● **YOUR OBJECTIVE**
Locate every line in the records below that holds the word "trim" and return each one.
### DATA FOR REVIEW ###
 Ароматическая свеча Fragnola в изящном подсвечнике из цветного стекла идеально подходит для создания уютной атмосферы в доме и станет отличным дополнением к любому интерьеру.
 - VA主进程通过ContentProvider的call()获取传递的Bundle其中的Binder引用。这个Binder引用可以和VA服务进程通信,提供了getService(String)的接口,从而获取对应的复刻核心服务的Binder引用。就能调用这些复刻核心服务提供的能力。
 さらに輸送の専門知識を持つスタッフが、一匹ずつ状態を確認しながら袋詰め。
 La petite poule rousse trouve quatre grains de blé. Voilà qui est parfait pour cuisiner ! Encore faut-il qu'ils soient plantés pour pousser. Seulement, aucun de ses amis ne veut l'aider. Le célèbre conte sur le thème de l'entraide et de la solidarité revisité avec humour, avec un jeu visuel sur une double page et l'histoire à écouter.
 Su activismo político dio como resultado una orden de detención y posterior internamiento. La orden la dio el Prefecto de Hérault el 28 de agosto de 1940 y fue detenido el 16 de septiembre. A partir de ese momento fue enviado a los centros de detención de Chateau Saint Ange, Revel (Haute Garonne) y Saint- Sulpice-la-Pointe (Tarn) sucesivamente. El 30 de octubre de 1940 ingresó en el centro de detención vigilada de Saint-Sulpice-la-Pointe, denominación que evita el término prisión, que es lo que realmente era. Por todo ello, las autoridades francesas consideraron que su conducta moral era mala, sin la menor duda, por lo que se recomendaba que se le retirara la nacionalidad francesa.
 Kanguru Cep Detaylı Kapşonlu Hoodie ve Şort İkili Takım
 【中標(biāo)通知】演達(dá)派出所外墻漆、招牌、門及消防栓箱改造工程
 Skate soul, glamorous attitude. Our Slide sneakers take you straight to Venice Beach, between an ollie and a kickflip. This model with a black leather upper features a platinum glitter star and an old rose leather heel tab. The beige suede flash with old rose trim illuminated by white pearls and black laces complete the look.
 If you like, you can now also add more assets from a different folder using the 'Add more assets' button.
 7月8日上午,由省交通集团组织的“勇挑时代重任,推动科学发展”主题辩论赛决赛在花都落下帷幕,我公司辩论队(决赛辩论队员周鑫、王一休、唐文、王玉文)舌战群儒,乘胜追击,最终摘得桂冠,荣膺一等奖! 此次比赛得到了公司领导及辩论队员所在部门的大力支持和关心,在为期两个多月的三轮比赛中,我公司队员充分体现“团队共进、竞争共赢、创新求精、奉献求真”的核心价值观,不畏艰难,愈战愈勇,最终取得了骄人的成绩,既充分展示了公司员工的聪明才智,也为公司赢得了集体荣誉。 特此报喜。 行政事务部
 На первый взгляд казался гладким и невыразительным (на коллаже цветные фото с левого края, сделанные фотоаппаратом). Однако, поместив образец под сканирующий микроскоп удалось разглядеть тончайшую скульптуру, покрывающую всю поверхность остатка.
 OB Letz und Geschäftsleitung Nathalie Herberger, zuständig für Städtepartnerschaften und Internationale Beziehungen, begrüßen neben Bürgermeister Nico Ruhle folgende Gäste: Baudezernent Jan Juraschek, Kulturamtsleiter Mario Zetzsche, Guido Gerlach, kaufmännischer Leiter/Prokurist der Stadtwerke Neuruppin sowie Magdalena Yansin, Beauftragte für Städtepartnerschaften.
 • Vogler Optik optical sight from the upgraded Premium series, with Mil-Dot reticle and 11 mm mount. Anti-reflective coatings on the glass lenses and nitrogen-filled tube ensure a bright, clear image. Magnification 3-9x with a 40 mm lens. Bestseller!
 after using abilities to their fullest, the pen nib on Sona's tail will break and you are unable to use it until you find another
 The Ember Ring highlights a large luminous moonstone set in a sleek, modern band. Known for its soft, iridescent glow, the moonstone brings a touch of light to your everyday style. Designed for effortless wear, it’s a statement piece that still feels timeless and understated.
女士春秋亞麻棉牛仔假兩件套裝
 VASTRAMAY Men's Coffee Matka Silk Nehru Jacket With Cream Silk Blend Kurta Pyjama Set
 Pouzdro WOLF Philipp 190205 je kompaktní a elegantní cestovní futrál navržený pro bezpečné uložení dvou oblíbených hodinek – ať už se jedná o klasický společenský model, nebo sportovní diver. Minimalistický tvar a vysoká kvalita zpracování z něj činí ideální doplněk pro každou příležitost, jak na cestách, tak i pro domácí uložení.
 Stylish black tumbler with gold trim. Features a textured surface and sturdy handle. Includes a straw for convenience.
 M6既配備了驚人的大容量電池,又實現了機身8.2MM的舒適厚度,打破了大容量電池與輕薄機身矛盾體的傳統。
###
● **WRITTEN ANSWER**
 Skate soul, glamorous attitude. Our Slide sneakers take you straight to Venice Beach, between an ollie and a kickflip. This model with a black leather upper features a platinum glitter star and an old rose leather heel tab. The beige suede flash with old rose trim illuminated by white pearls and black laces complete the look.
 Stylish black tumbler with gold trim. Features a textured surface and sturdy handle. Includes a straw for convenience.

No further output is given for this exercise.